All authors contributed to the study's conception and design. The entire team collaborated on translating ICD codes and all other data collection was performed by LH, MSt, JA, BE and LE. RK data managed and established the database. MSi, LH and PM did the statistical analyses. The first drafts of the manuscript were written by LH, PM and EH and all authors commented on subsequent versions of the manuscript. All authors have read and approved the final manuscript.

Data sharing statement

The datasets generated and analysed in this study are not available to the public due to Swedish laws and regulations. However, they can be made accessible with the support of investigators and upon reasonable request, in accordance with Swedish healthcare secrecy legislation.

Declaration of interests

EH is Co-Founder and board member of MedTech-company TrueDose AB, producing at-home blood sampling kits.
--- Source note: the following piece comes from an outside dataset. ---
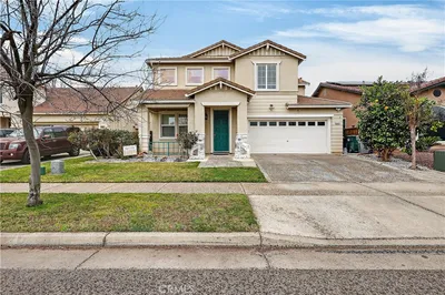 Welcome to 3954 Menton Ct! This turnkey North Merced home offers comfort, space, and convenience with easy access to CatTracks, Merced College, and UC Merced. Step inside to find a thoughtful layout featuring both a formal living room and a separate family room, each with ceiling fans for year-round comfort. The formal dining area and spacious kitchen make entertaining a breeze. The kitchen boasts granite countertops, a center island with sink, double ovens, a generous pantry, and room for a breakfast table. The primary suite is located on the main level with direct backyard access. The ensuite bathroom includes dual sinks, a large walk-in closet, a jetted soaking tub, and a separate shower stall. Upstairs, you’ll find three additional bedrooms with ceiling fans, a full bathroom with dual sinks, and cozy carpet flooring. Additional highlights include a downstairs laundry room with cabinetry, hardwood flooring throughout the main level, and beautifully landscaped front and backyards. The backyard is perfect for relaxing or hosting, featuring a stained floating deck under the covered patio with ceiling fan, and concrete hardscaping for low maintenance.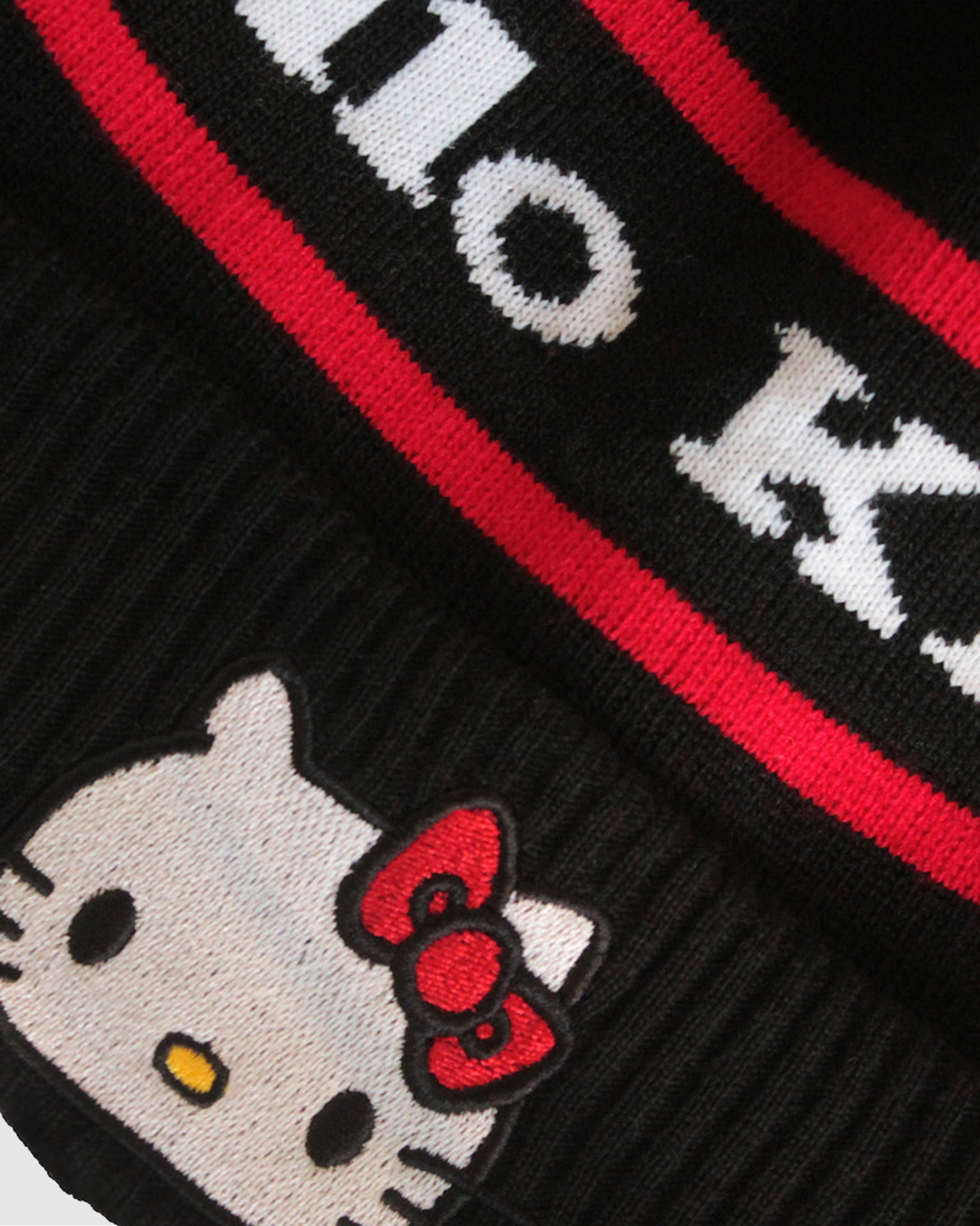 Wool blend beanie with Hello Kitty jacquard artwork. Ribbed turn-up with Hello Kitty patch appliquéd on the front. Contrasting GCDS embroidery on the center back. Contrasting pompom.

EH has received speaker's and consultancy fees from Bristol-Myers Squibb, Pfizer, and Amgen. KRW reports unrelated speaker's and consultancy fees from Roche, Pfizer, Organon, Ibsa, Merck and Ferring pharmaceuticals and unrelated grants from Novo Nordisk and Ferring. LE is a board member of the Swedish Intensive Care Register. JA has received lecture fees from Boehringer Ingelheim, Astra Zeneca, MSD, Bayer and Novartis (modest) and advisory board reimbursement from Astra Zeneca and Bayer (modest). He is chair of the board of SWEDEHEART ACS register and the SWEDEHEART Register Research Council and member of the SWEDEHEART steering committee. JM is unpaid member of the board of the Swedish Multiple Sclerosis Society. ME reports unrelated consultation fees from Bayer, Thea Pharma and Novartis. LH reports unrelated modest consultation fees from Astellas, Bayer, and Orion Pharma. All remaining authors declare that they have no conflict of interest.